● **Exercise prompt**
Starting with the line that holds "近日,由共青团辽宁省委员会、" and stopping after the line that holds "This gorgeous white", repeat the lines below word for word, without the pictures.

● **Records for the exercise**
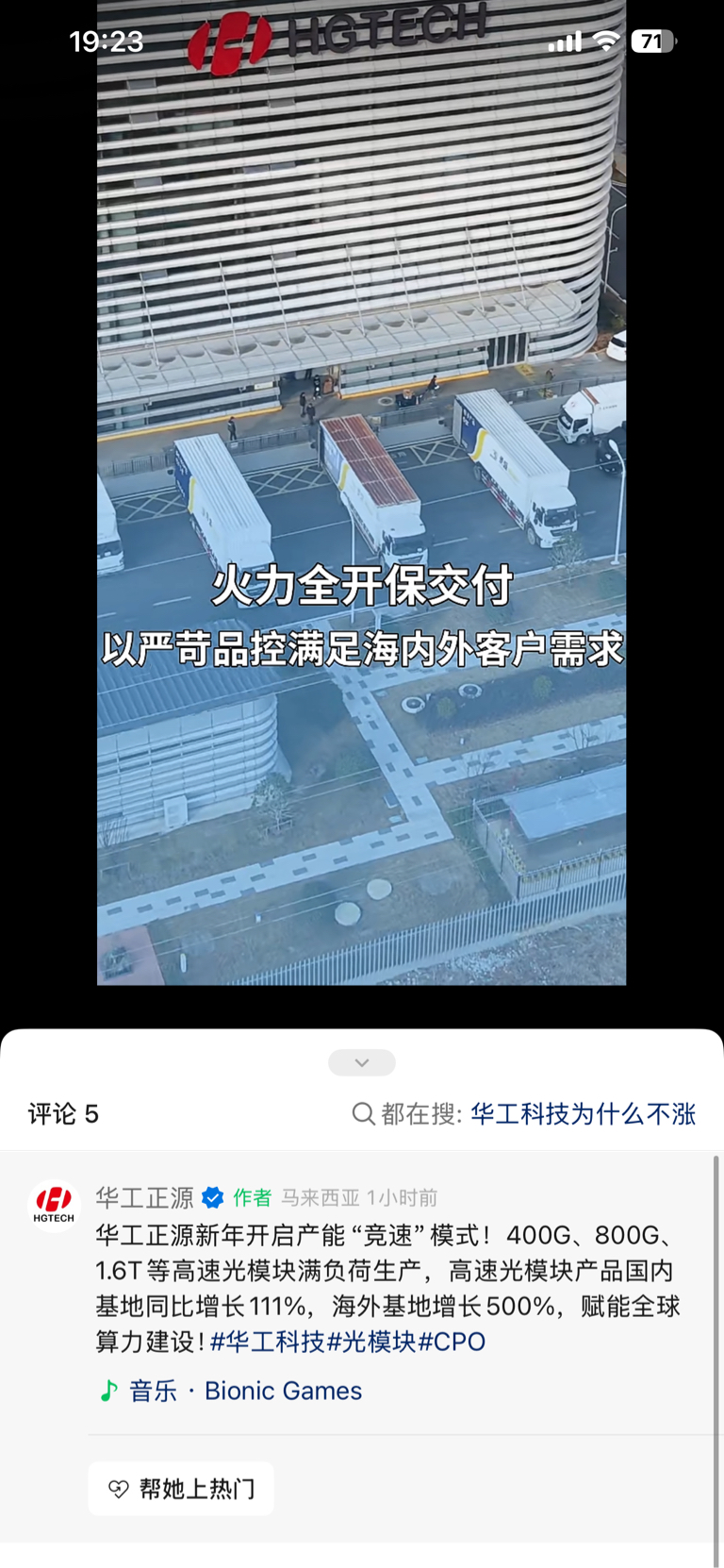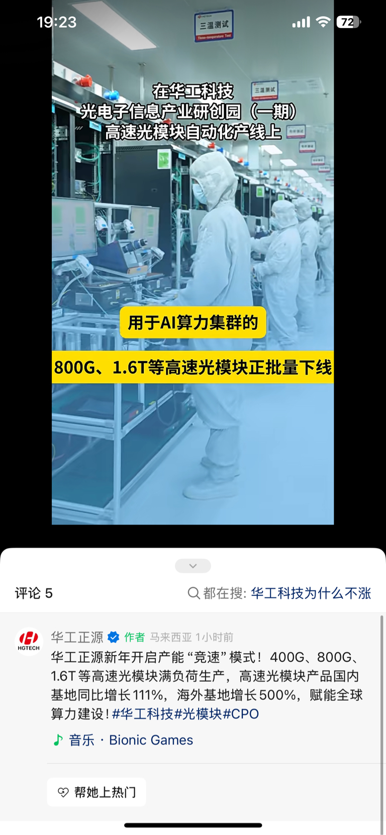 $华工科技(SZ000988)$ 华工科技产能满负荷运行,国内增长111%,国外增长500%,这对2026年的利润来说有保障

* * *

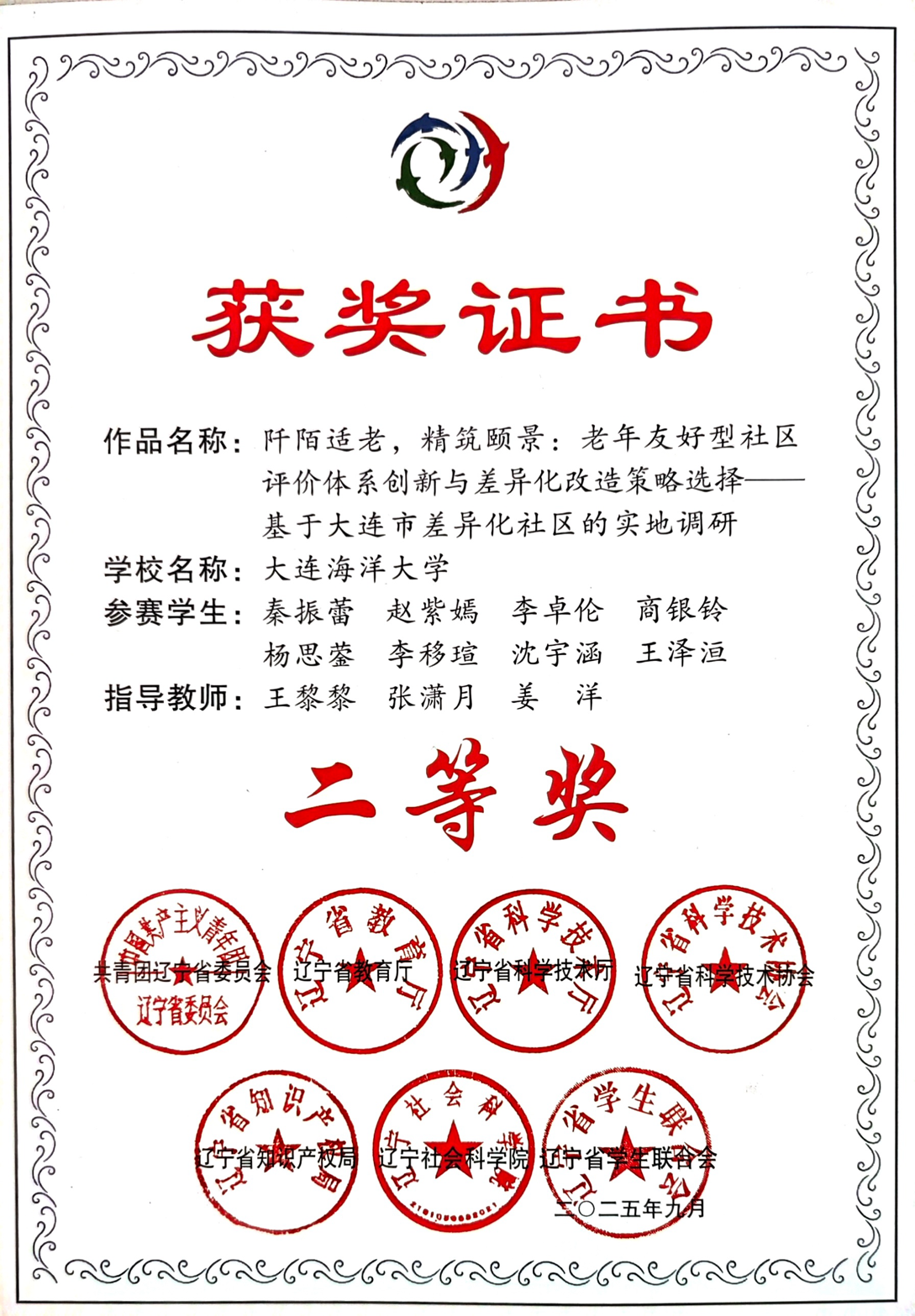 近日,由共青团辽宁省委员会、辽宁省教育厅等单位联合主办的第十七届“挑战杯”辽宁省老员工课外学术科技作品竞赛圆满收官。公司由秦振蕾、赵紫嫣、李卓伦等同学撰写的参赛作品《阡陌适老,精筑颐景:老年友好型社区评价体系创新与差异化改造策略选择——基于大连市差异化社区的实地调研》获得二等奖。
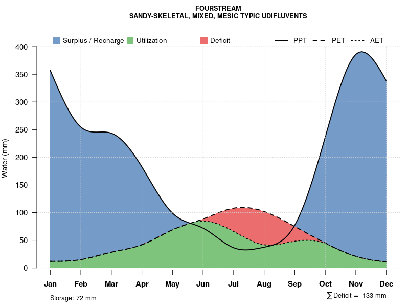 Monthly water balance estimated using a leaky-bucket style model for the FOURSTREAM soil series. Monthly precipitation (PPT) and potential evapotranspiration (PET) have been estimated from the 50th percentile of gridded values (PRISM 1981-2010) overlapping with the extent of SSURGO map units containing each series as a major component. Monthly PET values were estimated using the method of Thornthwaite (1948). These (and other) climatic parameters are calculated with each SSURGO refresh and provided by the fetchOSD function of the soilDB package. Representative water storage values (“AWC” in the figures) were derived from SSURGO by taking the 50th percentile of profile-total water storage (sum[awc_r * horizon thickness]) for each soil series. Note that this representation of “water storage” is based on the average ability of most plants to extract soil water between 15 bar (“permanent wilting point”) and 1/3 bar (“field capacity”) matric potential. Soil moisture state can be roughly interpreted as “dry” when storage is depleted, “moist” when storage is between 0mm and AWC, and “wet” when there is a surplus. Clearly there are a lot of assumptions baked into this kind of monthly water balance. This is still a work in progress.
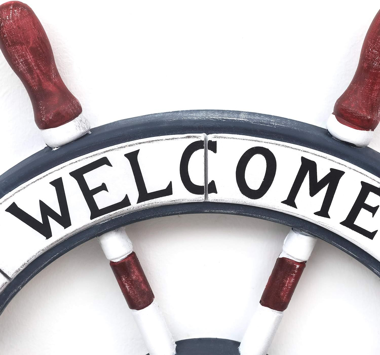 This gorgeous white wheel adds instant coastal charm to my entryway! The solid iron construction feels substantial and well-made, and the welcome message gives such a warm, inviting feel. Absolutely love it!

● **Exercise answer**
 近日,由共青团辽宁省委员会、辽宁省教育厅等单位联合主办的第十七届“挑战杯”辽宁省老员工课外学术科技作品竞赛圆满收官。公司由秦振蕾、赵紫嫣、李卓伦等同学撰写的参赛作品《阡陌适老,精筑颐景:老年友好型社区评价体系创新与差异化改造策略选择——基于大连市差异化社区的实地调研》获得二等奖。
 Monthly water balance estimated using a leaky-bucket style model for the FOURSTREAM soil series. Monthly precipitation (PPT) and potential evapotranspiration (PET) have been estimated from the 50th percentile of gridded values (PRISM 1981-2010) overlapping with the extent of SSURGO map units containing each series as a major component. Monthly PET values were estimated using the method of Thornthwaite (1948). These (and other) climatic parameters are calculated with each SSURGO refresh and provided by the fetchOSD function of the soilDB package. Representative water storage values (“AWC” in the figures) were derived from SSURGO by taking the 50th percentile of profile-total water storage (sum[awc_r * horizon thickness]) for each soil series. Note that this representation of “water storage” is based on the average ability of most plants to extract soil water between 15 bar (“permanent wilting point”) and 1/3 bar (“field capacity”) matric potential. Soil moisture state can be roughly interpreted as “dry” when storage is depleted, “moist” when storage is between 0mm and AWC, and “wet” when there is a surplus. Clearly there are a lot of assumptions baked into this kind of monthly water balance. This is still a work in progress.
 This gorgeous white wheel adds instant coastal charm to my entryway! The solid iron construction feels substantial and well-made, and the welcome message gives such a warm, inviting feel. Absolutely love it!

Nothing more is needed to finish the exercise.